1998 LONG-TERM INCENTIVE PLAN
RESTRICTED STOCK UNIT AGREEMENT
          This Restricted Stock Unit Agreement (“Agreement”) between PRIDE INTERNATIONAL, INC. (the “Company”) and ___ (the “Grantee”), an employee of the Company or one of its Subsidiaries, regarding an award (“Award”) of ___ units of Common Stock (as defined in the Pride International, Inc. 1998 Long-Term Incentive Plan (the “Plan”), such Common Stock comprising this Award referred to herein as “Restricted Stock Units”) awarded to the Grantee on ___ (the “Award Date”), such number of Restricted Stock Units subject to adjustment as provided in Section 14 of the Plan, and further subject to the following terms and conditions:
          1. Relationship to Plan and Employment Agreement.
          This Award is subject to all of the terms, conditions and provisions of the Plan and administrative interpretations thereunder, if any, which have been adopted by the Committee thereunder and are in effect on the date hereof.
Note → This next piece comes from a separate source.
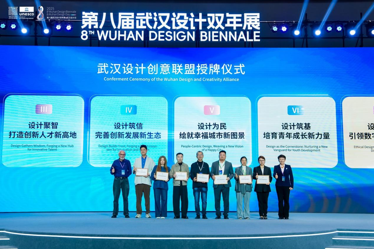 武漢有設(shè)計(jì)相關(guān)專業(yè)高校50余所,設(shè)計(jì)專業(yè)在校學(xué)生近10萬人,設(shè)計(jì)相關(guān)企業(yè)突破1萬家,10余個(gè)設(shè)計(jì)行業(yè)協(xié)會(huì),從業(yè)人員超50萬,形成了強(qiáng)大的“設(shè)計(jì)創(chuàng)意聯(lián)盟”,催生出了集產(chǎn)業(yè)鏈、創(chuàng)新鏈、人才鏈、價(jià)值鏈于一體的融合創(chuàng)新發(fā)展生態(tài)體系。在開幕式的最后,“武漢設(shè)計(jì)創(chuàng)意聯(lián)盟”正式授牌,來自設(shè)計(jì)企業(yè)、行業(yè)協(xié)會(huì)、高校院所和獨(dú)立設(shè)計(jì)師等領(lǐng)域多元設(shè)計(jì)力量代表共同見證。未來,“武漢設(shè)計(jì)創(chuàng)意聯(lián)盟”將奮力實(shí)現(xiàn)設(shè)計(jì)融城,構(gòu)筑協(xié)同發(fā)展新范式;設(shè)計(jì)賦能,激活產(chǎn)業(yè)升級(jí)新動(dòng)能;設(shè)計(jì)聚智,打造創(chuàng)新人才新高地;設(shè)計(jì)筑信,完善創(chuàng)新發(fā)展新生態(tài);設(shè)計(jì)為民,繪就幸福城市新圖景;設(shè)計(jì)筑基,培育青年成長新力量;設(shè)計(jì)向善,引領(lǐng)數(shù)字文明新航向;設(shè)計(jì)聯(lián)通,拓展國際交往新空間八大目標(biāo)。

Except as defined herein, capitalized terms shall have the same meanings ascribed to them under the Plan. In addition, the parties agree that notwithstanding any provision herein to the contrary, this Agreement shall be deemed modified by the provisions of any employment agreement between the Grantee and the Company, and vesting of this Award shall occur in the event stock options and other awards specifically vest under such employment agreement. For purposes of this Agreement:
          (a) “Disability” means illness or other incapacity which prevents the Grantee from continuing to perform the duties of his job for a period of more than three months.
          (b) “Employment” means employment with the Company or any of its Subsidiaries.
          (c) “Exchange Act” means the Securities Exchange Act of 1934, as amended.
          (d) “Retirement” means the Grantee’s termination of employment on or after attainment of age 65, or, if applicable to the Grantee, any earlier age specified as the Grantee’s Normal Retirement Age under the Pride International, Inc. Supplemental Executive Retirement Plan.
          2. Vesting Schedule.
          (a) This Award shall vest in installments in accordance with the following schedule:

 


 

         
    Additional Percentage of
Date Vested
  Award Vested
[First anniversary of Award Date]
    25 %
[Second anniversary of Award Date]
    25 %
[Third anniversary of Award Date]
    25 %
[Fourth anniversary of Award Date]
    25 %
 
       
 
    100 %
          (b) All shares of Restricted Stock Units subject to this Award shall vest, irrespective of the limitations set forth in subparagraph (a) above, provided that the Grantee has been in continuous Employment since the Award Date, upon the occurrence of:
     (i) a Change in Control;
     (ii) the Grantee’s termination of employment by reason of death, Disability or Retirement; or
     (iii) the Grantee’s Termination (as defined in the Grantee’s employment agreement with the Company and as in effect as of the Award Date).
          3. Forfeiture of Award.
          Except as provided in any other agreement between the Grantee and the Company, if the Grantee’s employment terminates other than by reason of the Grantee’s Termination (as defined in the Grantee’s employment agreement with the Company and as in effect as of the Award Date), death, Disability or Retirement, all unvested Restricted Stock Units as of the termination date shall be forfeited.
          4. Registration of Units.
          The Grantee’s right to receive the Restricted Stock Units shall be evidenced by book entry registration (or by such other manner as the Committee may determine).
          5. Dividend Equivalent Payments.
          The Company will pay dividend equivalents for each outstanding Restricted Stock Unit in cash as soon as administratively practicable after dividends, if any, are paid on the Company’s outstanding shares of Common Stock. Such payments shall be made no later than March 15th following the year in which the dividends are paid.
          6. Shareholder Rights.
          The Grantee shall have no rights of a shareholder with respect to shares of Common Stock subject to this Award unless and until such time as the Award has been settled by the transfer of shares of Common Stock to the Grantee.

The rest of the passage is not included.